Tuesday, June 28, 2011

Did someone say secondary index??

Secondary Index

"last but not the least!!"  is what i would say when it comes to secondary index.  This  is very much true since secondary index is concept when it comes to handy when others doesn't!

A secondary index is one which provides alternate access paths to the data  thus helping in speeding of the queries.They are usually defined on columns which are more frequently used rather than PI column in joining condition.

A secondary index can be defined as unique secondary index or non unique secondary index.
CREATE UNIQUE INDEX (Columns) ON dbname.tablename ;
This creates Unique secondary index on Employees table

CREATE INDEX (Columns) ON dbname.tablename ;
This creates non unique secondary index on employees table.

A worthy tip:
Please make sure to use naming for index when multiple columns are defined  . It would be easy to drop a index  on that table just by using indexname,
create index SI_emp (firstname,lastname) from employees;  --- index created as SI_emp for table employees
Drop index SI_emp on employees;     --- easy to drop index by giving index name

So what exactly does this Secondary index do?? Does it hash the data values based on secondary index and redistribute data? No. It doesn't'

It just creates a subtable for defined secondary index , which contains there columns
-secondary index value
-secondary index rowid (hashed value for SI)
-hash value for primary index(pointing to target amp)

This  subtable is created on each amp  which in turn points to target AMP.   Hence Secondary index can be TWO amp operation for USI and MANY amp operation for NUSI.  So whenever a SI column is used in a query,  based on that column  optimizer quickly reaches subtable by way  of  row hash generated for SI value and using PI row id corresponding to it,  .it would reach target amp.

The secondary index Sub table is key to alternate access paths provided in teradata. With this benefit we end up paying  the price for extra perm space consumed by subtables and overhead for their maintenance. So think wisely before going for Secondary index or use the beauty of dynamic secondary index concept which supports creation of Secondary index when required and dropping of it when not used hence saving considerable amount of space,

I want to share one of the scenarios where we had a table with set of date columns and Only PI defined on that table,  A query was run on particular  date range of that table ,which went on for full table scan taking more than 4 hours to complete. 
so decided to focus on this date column since it looked like  main culprit for performance issue.
Two things strike my mind when date column came into Picture . Should i go for PPI or SI??

1.  In case of PPI,
create table with PPI and repopulate data .  But this adds to overhead since there was  addition of 2 bytes to every row increasing  size of the table by 2*n rows.
Second issue was PPI causing redistribution of PI in partitions resulting in Primary index based queries taking more than normal time.   Joins happening on PPI columns to non PPI table would result in sliding window join which would further decrease the performance.

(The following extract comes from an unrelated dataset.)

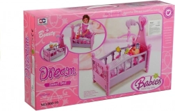 Questa culla per bambole dal design elegante ricorda fedelmente una vera culla per bambini. La finitura rosa‑viola con cuoricini e ornamenti è completata da una giostrina con animaletti sospesi, grazie alla quale la bambola si addormenta facilmente. Inclusa biancheria da letto morbida coordinata al design della culla.

Most important of all, how frequently was this date column used in queries  .  Since  frequency of usage  was less and seeing drawbacks of PPI , i decided to go on with Secondary index which could be created any time and dropped any time.

Since  date column  is range based , I created value ordered secondary index as follows
create index (date-column) order by values on employees ;

Stats were collected on to ensure  optimizer to pick secondary index.  I could see the performance improvement in query after creation of valued ordered NUSI . Please note that Value ordered secondary index can be created only  as NUSI  and supports date, int,decimal upto 4 bytes.

Please make sure to collect stats on secondary index since optimizer might have to decide whether reading SI subtable is faster than  going for full table scan ( reading all the amps)

I want to point out some Limitations of secondary index
1. Secondary index is not compatible with fastload  as there is overhead for fastload on duplicate secondary index checking with subtable creation
Drop SI before doing fastload on that table and then recreate them,
2.   Table can have upto 32 secondary indices in teradata
3. Multicolumn secondary index can have upto 16 columns defined in a index
4. USI is not supported on Multiload, but NUSI is supported by multiload
5. USI cannot be created on table which already has duplicate data in columns to be defined as  part of USI.
6. SI cannot be created on column which is  already defined as PI.